OTTAWA | OpenAI, géant de l’intelligence artificielle derrière ChatGPT, a enfreint les lois relatives à la protection des renseignements personnels, ont conclu des commissaires à la vie privée du Canada et du Québec dans un nouveau rapport.
Dans l’enquête conjointe, menée avec l’Alberta et la Colombie-Britannique au cours des derniers mois, on qualifie d’« excessive » la collecte de renseignements effectuée par l’entreprise américaine dirigée par le multimilliardaire de 41 ans, Sam Altman.
OpenAI a notamment enregistré des informations sur l’état de santé des utilisateurs, leur orientation politique et d’autres données profondément intimes. Depuis son lancement, l’outil est utilisé quotidiennement par des centaines de millions de personnes, y compris des enfants et des étudiants.
Un frein aux profits
OpenAI, à l’instar d’autres acteurs de ce secteur en explosion, tend à considérer que les mesures de protection des données ralentissent l’innovation, et, à terme, la réalisation de profits.
« Il faut envoyer un message que la vie privée et l’innovation, ça va ensemble. En fait, la vie privée, ça encourage l’innovation parce que ça génère la confiance », a réagi en conférence de presse le commissaire à la vie privée du Canada, Philippe Dufresne.
Ce dernier réclame le pouvoir d’émettre des ordonnances et de distribuer des amendes aux entreprises qui continuent d’enfreindre le droit à la vie privée des utilisateurs.
Philippe Dufresne veut aussi réformer la loi pour obliger les entreprises à « faire des évaluations de la vie privée [...] avant de lancer des initiatives », comme de nouvelles mises à jour de leurs robots conversationnels.
Le Québec en avance
Sur ce point, le Québec fait figure de précurseur. Comme l’a rappelé Naomi Ayotte, vice-présidente de la Commission d’accès à l’information du Québec, ces pouvoirs sont déjà en vigueur.

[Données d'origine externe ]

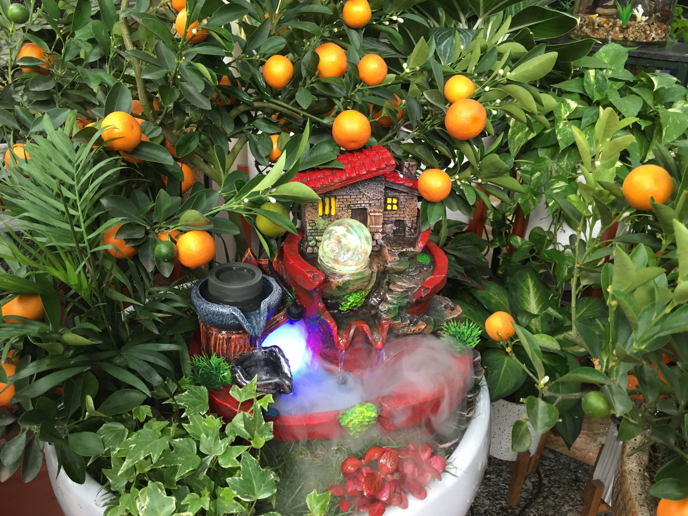 Để tạo các cây thế này, quất phải uốn, tạo dáng ngay từ khi cây còn non, tạo khoảng trống dưới gốc để đặt hòn non bộ. Cách chăm sóc không khác quất cảnh thông thường. Để duy trì thác nước chảy, phải đặt cố định một bát nước dưới chậu, duy trì cắm điện.
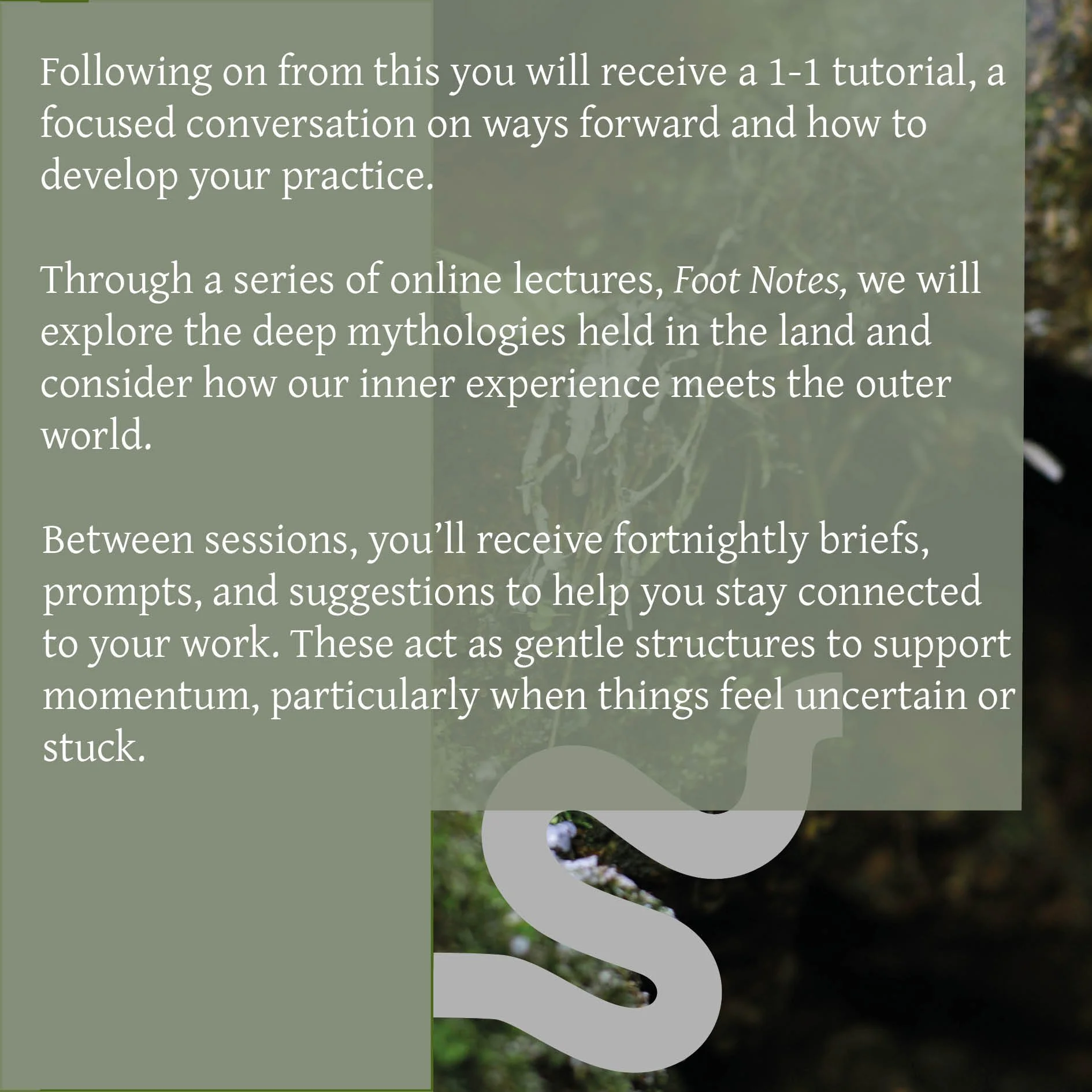 Four Individual Studio Mentoring Sessions You will receive four 1.5-hour online sessions with artist and senior lecturer Lucy Willow. These sessions are designed to integrate the content of the course into a focused discussion on the development of individual practice and how it is feeding into your work, provide critical feedback, conceptual guidance, portfolio development, or simply a space to think aloud about your work.
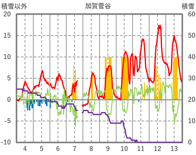 | 日 | 時 | 気温 | 降水 | 風向/風速 | 日照 | 積雪 | 降雪 |

Malgré cela, le rapport contient des recommandations qu’OpenAI entend suivre, et, malgré les accrocs à la loi, aucune sanction n’est prévue à ce stade.
Mais s’il advient que l’entreprise contrevienne encore à la législation, « la commission n’hésitera pas à utiliser ses pouvoirs de surveillance, y compris ceux de sanctions pénales s’il le faut ».
« Nous avons les pouvoirs, nous sommes heureux de les avoir et nous allons les exercer lorsque [ce sera] approprié de le faire », a-t-elle déclaré.
Pas inquiet outre mesure
Le commissaire Dufresne a salué l’« engagement » de OpenAI à appliquer certaines des recommandations du rapport. L’une d’entre elles consiste à indiquer ses sources de manière plus proactive pour permettre à l’utilisateur de vérifier l’information générée.
Par ailleurs, le commissaire Dufresne a affirmé que l’utilisation de ChatGPT ne devrait pas être interdite, même pour les fonctionnaires ou toute autre personne œuvrant au sein du gouvernement, malgré les inquiétudes concernant les données.
OpenAI était évaluée à 852 milliards en dollars américains en avril, soit presque deux fois le PIB annuel du Québec, qui devrait atteindre 474 milliards en dollars américains en 2026, selon des projections du gouvernement.
L’entreprise, dont le siège social est situé à San Francisco, a récemment conclu une entente pour l’utilisation de ses modèles par le Pentagone à des fins militaires. Elle n’a pas de bureau au Canada.